** Work instructions **
Each entry should be set down again verbatim, with the images omitted.

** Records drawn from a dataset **
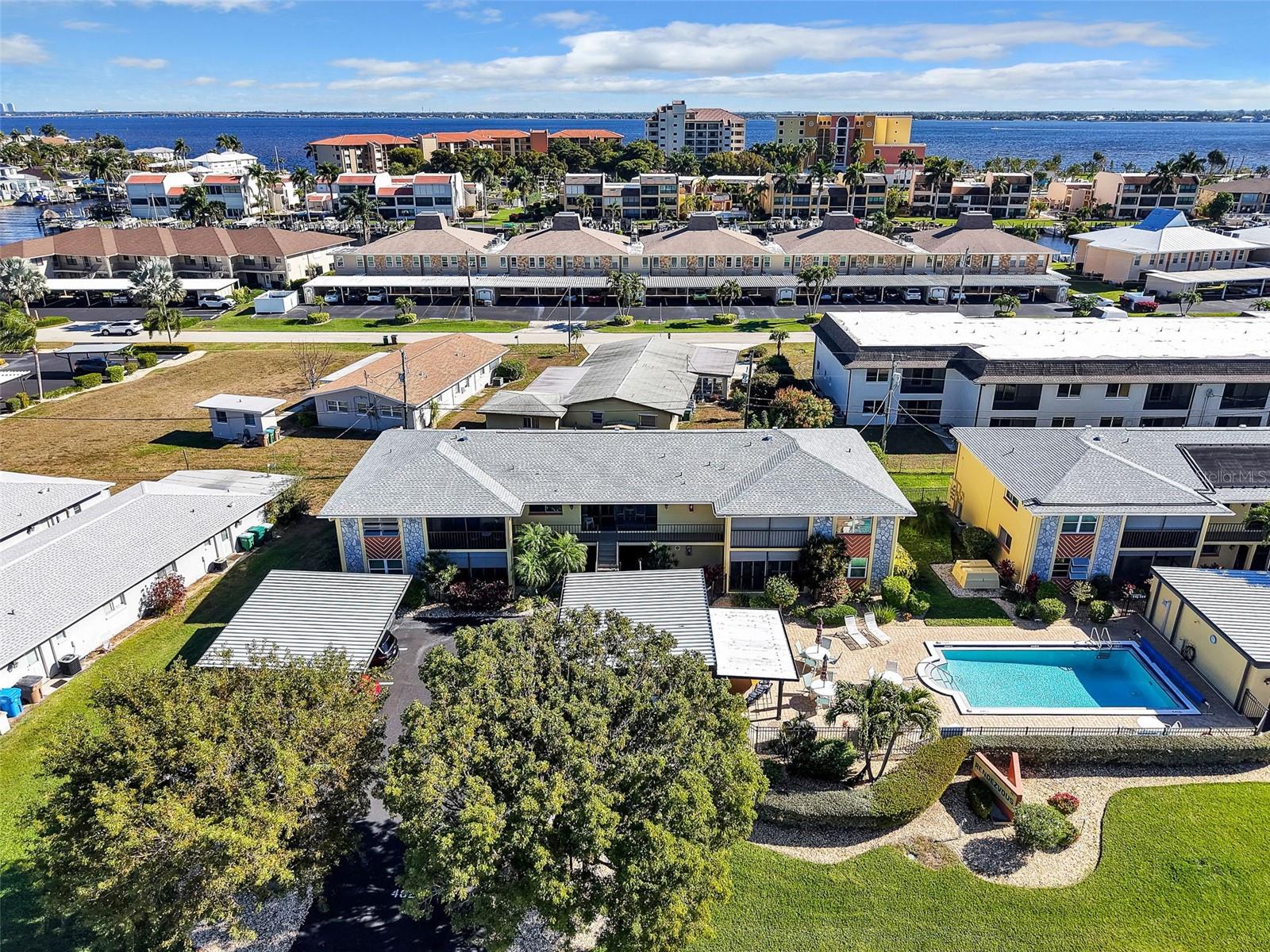 Welcome to Cape Coral, home of over 400 miles of canals, a major boating and waterfront community, and the largest city between Miami and Tampa. You will find numerous parks, restaurants, stores, and water activities. This neighborhood is located on the Caloosahatchee River with Jaycee Riverfront Park getting a makeover to be completed by April. The drive down Beach Parkway is lined with palm trees leading you to the heart of the community at Rendezvous Condos. This second floor condo has access to heated outdoor pool and patio bar with dining area. Includes 1 parking space and 4 parking spaces available for quests. Condo has been updated, marble tile wall in kitchen, quartz counter tops, new tile flooring, stainless appliances. Two bedrooms and two bathrooms. Enclosed balcony.
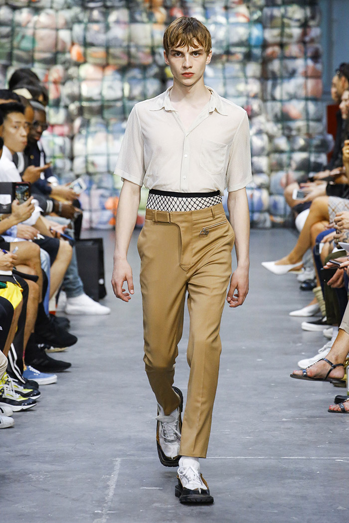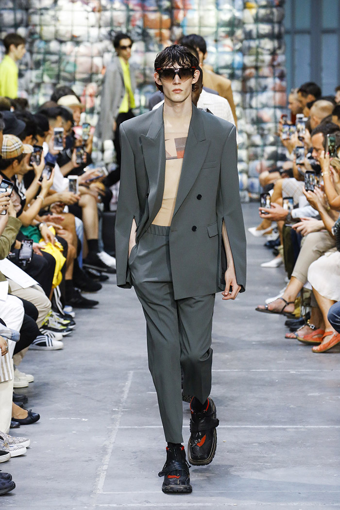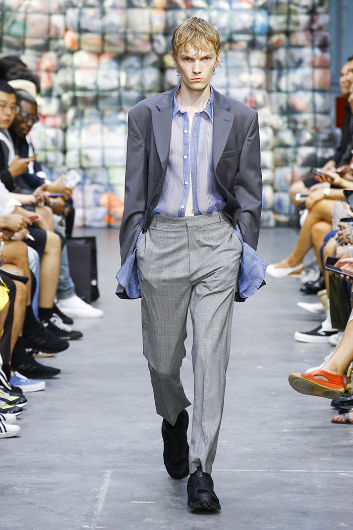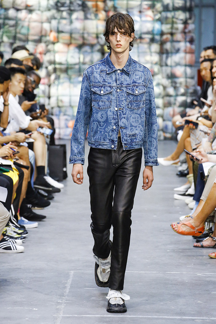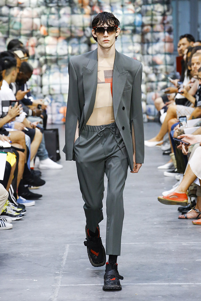 Es por eso también que «It’s a Jumble Out There» es una colección que remite a colecciones pasadas de Bakir y Hedlund: muchas de las prendas están confeccionadas a partir de piezas de colecciones pasadas de CMMN SWDN. E incluso los zapatos, una de las partes más fascinantes del desfile, son creaciones de Helen Kirkum partiendo de sneakers «chunky» de otras temporadas de la firma. El resultado es una colección Frankenstein que apuesta por la reutilización y que bascula a medio camino, como siempre ha ocurrido en CMMN SWDN, entre el ready-to-wear más accesible y las extravaganzas de última generación a lo Demna o Gosha. Poco oversize y mucha piel a la vista, poco chandaleo y bastante office core en una colección que funciona como un quilt gigantesco en el que las prendas son la suma de pasado y presente, con concesiones tan exhibicionistas como los jeans sobre los que se han grabado con láser anuncios de «oferta».
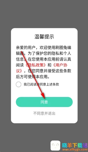 1、打开刷圈兔编辑器app,点击同意隐私政策
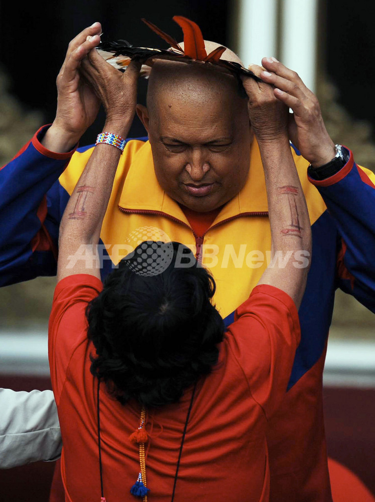 【9月11日 AFP】ベネズエラのウゴ・チャベス(Hugo Chavez)大統領は10日、首都カラカス(Caracas)の大統領府で、アマゾンのジャングルに暮らす部族のシャーマン(呪術師)に、がん手術後の健康回復を願う祈とうを受けた。(c)AFP
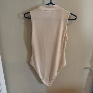 SHEIN Unity Summer Solid Ribbed Cream Sleeveless Bodysuit Size L
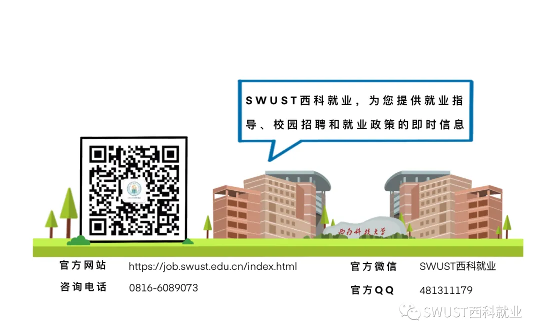 了解最新校园招聘、就业政策等信息,可通过西南科技大学就业信息网“工作通知”、“校招公告”和“宣讲会”等查看。同时可通过校园LED屏(107广场、七彩柱广场);【微信公众号】:“西南科技大学就业”获取最新的招聘信息时间。西南科技大学就业办官Q:481311179了解最新校园招聘信息。
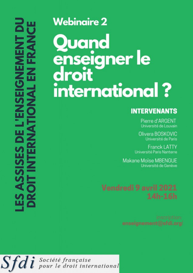 2e webinaire des Assises de l'enseignement du droit international en France, organisées par la SFDI.

** Exercise output **
 Welcome to Cape Coral, home of over 400 miles of canals, a major boating and waterfront community, and the largest city between Miami and Tampa. You will find numerous parks, restaurants, stores, and water activities. This neighborhood is located on the Caloosahatchee River with Jaycee Riverfront Park getting a makeover to be completed by April. The drive down Beach Parkway is lined with palm trees leading you to the heart of the community at Rendezvous Condos. This second floor condo has access to heated outdoor pool and patio bar with dining area. Includes 1 parking space and 4 parking spaces available for quests. Condo has been updated, marble tile wall in kitchen, quartz counter tops, new tile flooring, stainless appliances. Two bedrooms and two bathrooms. Enclosed balcony.
 Es por eso también que «It’s a Jumble Out There» es una colección que remite a colecciones pasadas de Bakir y Hedlund: muchas de las prendas están confeccionadas a partir de piezas de colecciones pasadas de CMMN SWDN. E incluso los zapatos, una de las partes más fascinantes del desfile, son creaciones de Helen Kirkum partiendo de sneakers «chunky» de otras temporadas de la firma. El resultado es una colección Frankenstein que apuesta por la reutilización y que bascula a medio camino, como siempre ha ocurrido en CMMN SWDN, entre el ready-to-wear más accesible y las extravaganzas de última generación a lo Demna o Gosha. Poco oversize y mucha piel a la vista, poco chandaleo y bastante office core en una colección que funciona como un quilt gigantesco en el que las prendas son la suma de pasado y presente, con concesiones tan exhibicionistas como los jeans sobre los que se han grabado con láser anuncios de «oferta».
 1、打开刷圈兔编辑器app,点击同意隐私政策
 【9月11日 AFP】ベネズエラのウゴ・チャベス(Hugo Chavez)大統領は10日、首都カラカス(Caracas)の大統領府で、アマゾンのジャングルに暮らす部族のシャーマン(呪術師)に、がん手術後の健康回復を願う祈とうを受けた。(c)AFP
 SHEIN Unity Summer Solid Ribbed Cream Sleeveless Bodysuit Size L
 了解最新校园招聘、就业政策等信息,可通过西南科技大学就业信息网“工作通知”、“校招公告”和“宣讲会”等查看。同时可通过校园LED屏(107广场、七彩柱广场);【微信公众号】:“西南科技大学就业”获取最新的招聘信息时间。西南科技大学就业办官Q:481311179了解最新校园招聘信息。
 2e webinaire des Assises de l'enseignement du droit international en France, organisées par la SFDI.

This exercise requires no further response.